Norm-Product Belief Propagation: Primal-Dual Message-Passing for Approximate Inference

In this paper we treat both forms of probabilistic inference, estimating marginal probabilities of the joint distribution and finding the most probable assignment, through a unified message-passing algorithm architecture. We generalize the Belief Propagation (BP) algorithms of sum-product and max-product and tree-rewaighted (TRW) sum and max product algorithms (TRBP) and introduce a new set of convergent algorithms based on "convex-free-energy" and Linear-Programming (LP) relaxation as a zero-temprature of a convex-free-energy. The main idea of this work arises from taking a general perspective on the existing BP and TRBP algorithms while observing that they all are reductions from the basic optimization formula of $f + \sumi hi$ where the function $f$ is an extended-valued, strictly convex but non-smooth and the functions $hi$ are extended-valued functions (not necessarily convex). We use tools from convex duality to present the "primal-dual ascent" algorithm which is an extension of the Bregman successive projection scheme and is designed to handle optimization of the general type $f + \sumi h_i$. Mapping the fractional-free-energy variational principle to this framework introduces the "norm-product" message-passing.

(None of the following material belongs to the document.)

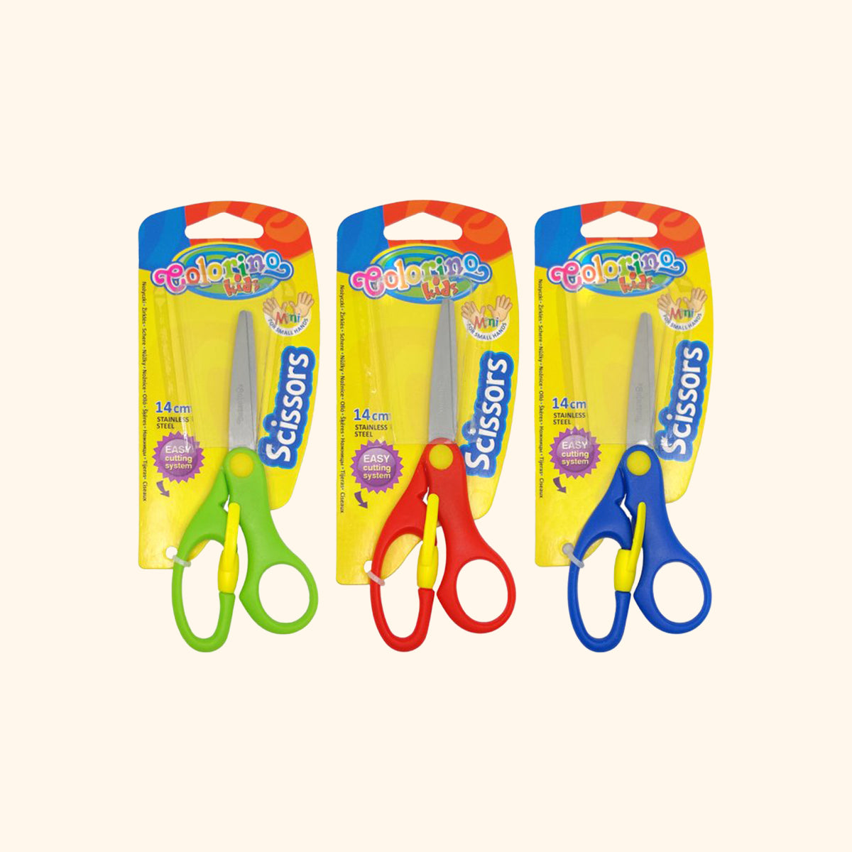 Nožnice detské, 14 cm, bezp. poistka, asymetrické, mix farieb

Special cases include sum-product and max-product (BP algorithms) and the TRBP algorithms. When the fractional-free-energy is set to be convex (convex-free-energy) the norm-product is globally convergent for estimating of marginal probabilities and for approximating the LP-relaxation. We also introduce another branch of the norm-product, the "convex-max-product". The convex-max-product is convergent (unlike max-product) and aims at solving the LP-relaxation.